One locus achieved genome-wide significance for AN (Figure 1). Information for the top ten loci is given in Supplementary Table S2. The chromosome 12 (12q13.2) locus reported here is multigenic, overlaps six genes (IKZF4, RPS26, ERBB3, PA2G4, RPL41, and ZC3H10), and is located near six additional genes (ESYT1, SUOX, RAB5B, CDK2, PMEL, and DGKA). Supplementary Figure S2 provides a forest plot and information about effects across cohorts for the top SNP (rs4622308, P=4.3x10−9, OR (C allele) =1.2, SE=0.03, MAFcases=0.48, MAFcontrols=0.44), which were relatively consistent across cohorts. Results of conditional analyses are consistent with the existence of one signal at this locus (see Supplementary Figure S3). Several other immune-related phenotypes: vitiligo, alopecia areata, and asthma (see Supplementary Figure S4) have associations in the region, although these are (somewhat) LD independent.
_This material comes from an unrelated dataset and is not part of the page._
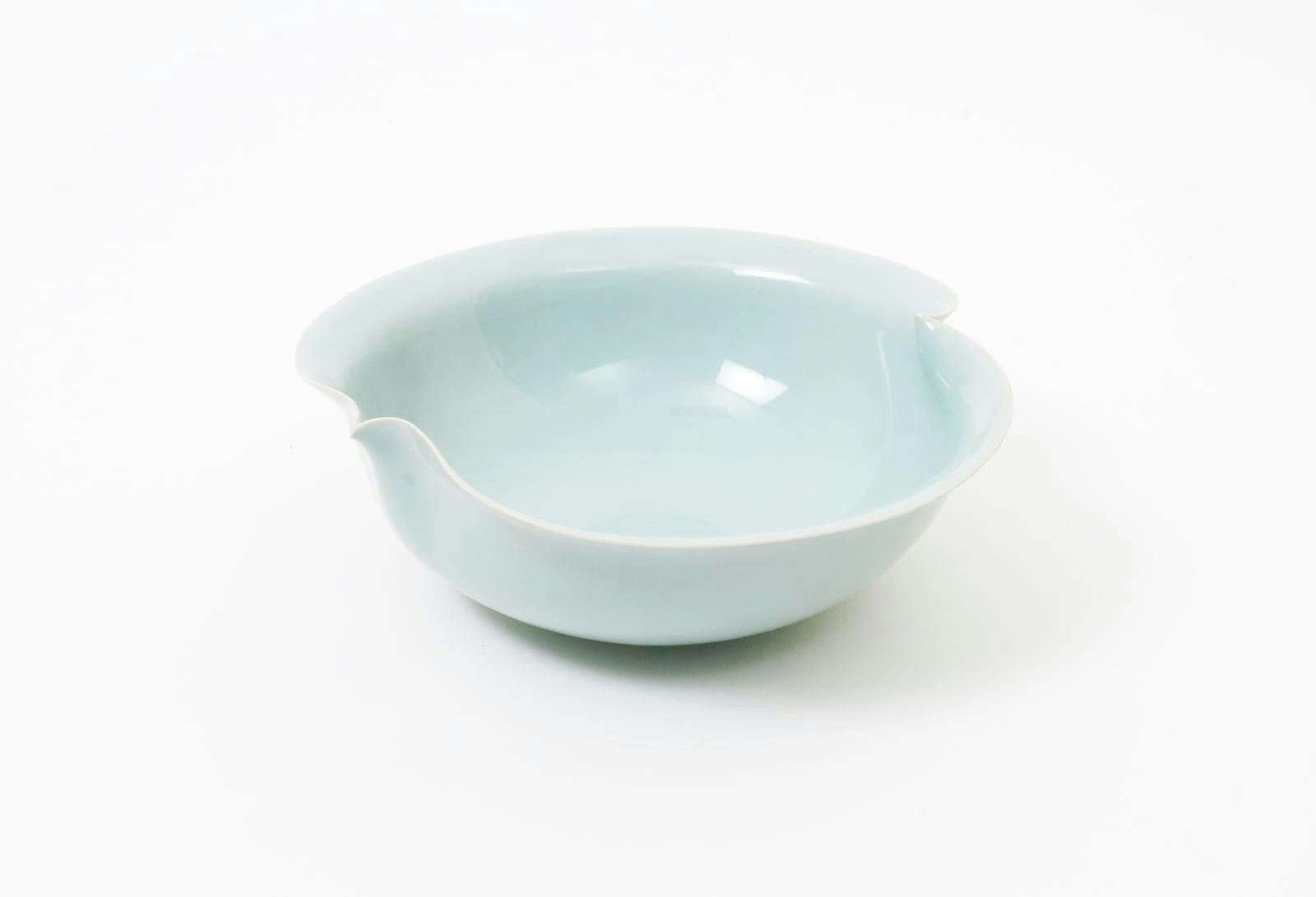 a porcelain bowl with pinched rim, covered in a celadon glaze, with original fitted box, signed to the underside of the box lid, re-stuck chip to rim 23.5cm. diam.

The second (rs200312312 on chromosome 5, p=6.7x10−8) and fourth (rs11174202 on chromosome 12, p=3.1x10−7) most significant loci in our analyses also have consistent evidence for association across multiple cohorts and patterns of correlated variants with similar p-values (see Supplementary Figure S5 for area plots of these loci). The fourth best locus is intronic in the FAM19A2 gene.
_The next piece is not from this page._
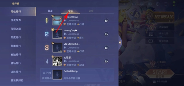 进入段位排行界面后,点击“全区”选项,就能查看自己在全区范围内的排名情况了。

A. Manhattan plot depicts a genome-wide significant locus on chromosome 12. B. Regional plot of the top locus reveals numerous genes in the region. Results depicted here reflect the full meta-analysis. Per text, see Supplementary Figure 1 for area plot with phenotypic associations. The right axis gives recombination rate, depicted with a light blue line.
Gene-wide and pathway analyses were also carried out. Multiple genes, all of which were in the region around the top SNP (rs4622308) reached gene-wide significance (reflecting the high LD in the region). Pathway analyses did not reveal experiment-wise significance (see Supplementary Table S3 for the complete gene-wide and pathway analysis results); the top ranked pathway was CP:KEGG_LONG_TERM_POTENTIATION. As has typically been reported for other psychiatric disorders, candidate genes from previous studies did not reach significance (for a detailed review of the candidate gene literature see8).
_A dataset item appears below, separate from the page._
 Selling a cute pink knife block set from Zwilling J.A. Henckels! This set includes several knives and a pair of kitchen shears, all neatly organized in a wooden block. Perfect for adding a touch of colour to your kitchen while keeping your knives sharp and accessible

Interrogation of databases such as GTeX9 does not indicate that any of the genes in the top region have distinct patterns of brain gene expression and searches using both GTeX and the SNP tag lookup function in MRbase (www.mrbase.org/beta) indicate that that the top SNP (rs4622308) is not, directly or via LD tagging, an eQTL or mQTL. Analyses of gene expression of the genes surrounding rs4622308 in hypothalamus from fasted and refed mice did not implicate specific genes (See Supplementary Figure S6). However, we note that rs4622308 is in high LD (r2=0.86; D’>0.99) with rs11171739, which has been found to be associated in GWASs of autoimmune phenotypes including type I diabetes10 and rheumatoid arthritis11. The risk associated alleles of both SNPs (C-C) are typically found on the same haplotype.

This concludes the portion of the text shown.